À l’heure actuelle, une éruption volcanique majeure présenterait des risques importants à court et à long terme. Environ 800 millions de personnes vivent à proximité de volcans actifs et sont confrontées à des conséquences potentiellement dévastatrices, y compris la destruction de villes entières. Par exemple, les Champs Phlégréens près de Naples, en Italie, pourraient constituer une menace grave pour le million d’habitants qui vivent autour du site volcanique.
Même une légère baisse de la température globale d’un degré Celsius peut avoir de graves conséquences régionales. Parmi les impacts, il y aurait des perturbations dans l’agriculture, une augmentation des phénomènes météorologiques extrêmes et des perturbations sociétales à grande échelle. On imagine facilement l’impact qu’aurait une éruption du Yellowstone sur les Grandes Plaines des États Unis, le grenier à blé de ce pays.
Une éruption majeure, similaire à celle du Tambora, pourrait entraîner des pertes économiques de plus de 3,6 billions de dollars au cours de la première année de l’éruption. Contrairement à ce que pensent certains scientifiques, l’effet de refroidissement temporaire d’une éruption volcanique n’atténuerait pas les impacts permanents du réchauffement climatique. La planète finirait par revenir à sa tendance de réchauffement d’avant l’éruption.
Le site de la prochaine éruption majeure reste un mystère ; elle est susceptible de se produire n’importe où sur Terre.
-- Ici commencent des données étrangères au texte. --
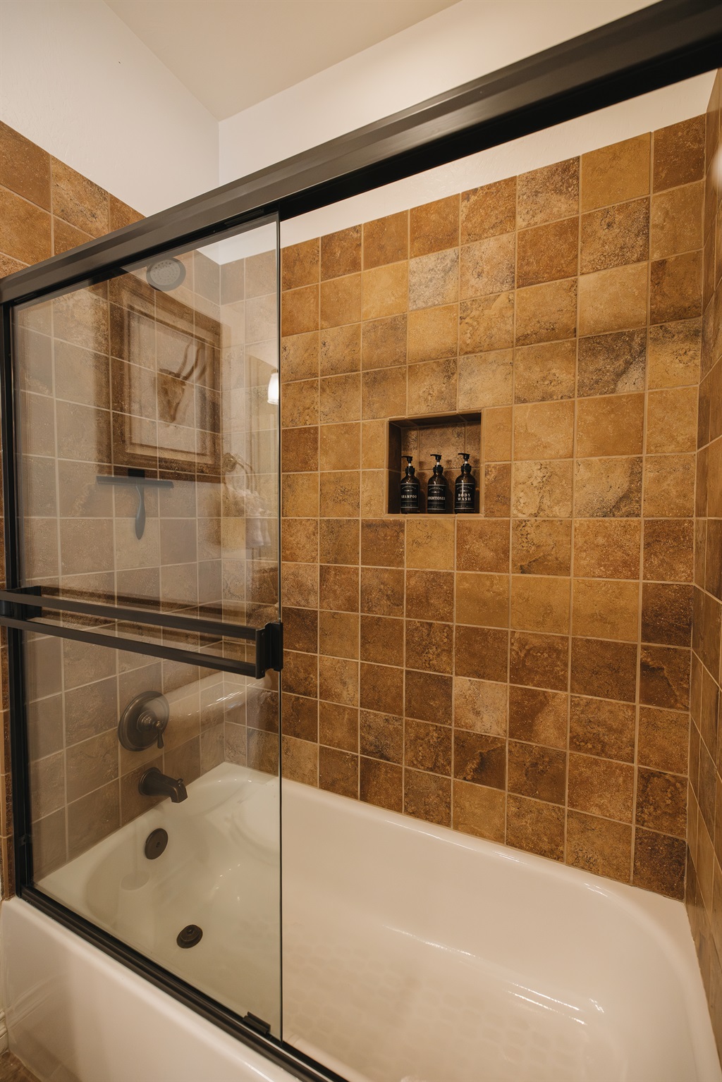 Clean, spa-inspired tub/shower combo with glass doors, warm tile, and built-in niche stocked with essentials—perfect for relaxing after skiing, hiking, or a day exploring the White Mountains.

Les zones particulièrement exposées comprennent les régions volcaniques actives comme l’Indonésie et le Parc national de Yellowstone aux États-Unis.

Une chose est sûre: l’homme n’est pas en mesure d’empêcher ces méga éruptions. Certes, grâce aux progrès de la technologie, nous sommes mieux armés pour prévoir le déclenchement d’un tel événement. Une nouvelle éruption de la Montagne Pelée (Martinique) sera forcément moins meurtrière, mais la Montagne Pelée n’arrive pas à la cheville du Yellowstone en matière de puissance volcanique.

Prévoir une éruption ne signifie pas être capable d’y faire face. La surveillance de l’activité volcanique est essentielle, mais il faut voir plus loin. Les scientifiques nous expliquent qu’il faudrait planifier une telle catastrophe, mettre en place des plans d’évacuation des populations, ainsi que des protocoles de crise pour garantir un approvisionnement en nourriture et en eau potable. De telles mesures devraient être envisagées à l’échelle mondiale, en coordonnant les efforts entre les États. Quand on voit l’inefficacité des COP pour lutter contre le réchauffement climatique, la partie est loin d’être gagnée en matière de gestion d’une éruption cataclysmale.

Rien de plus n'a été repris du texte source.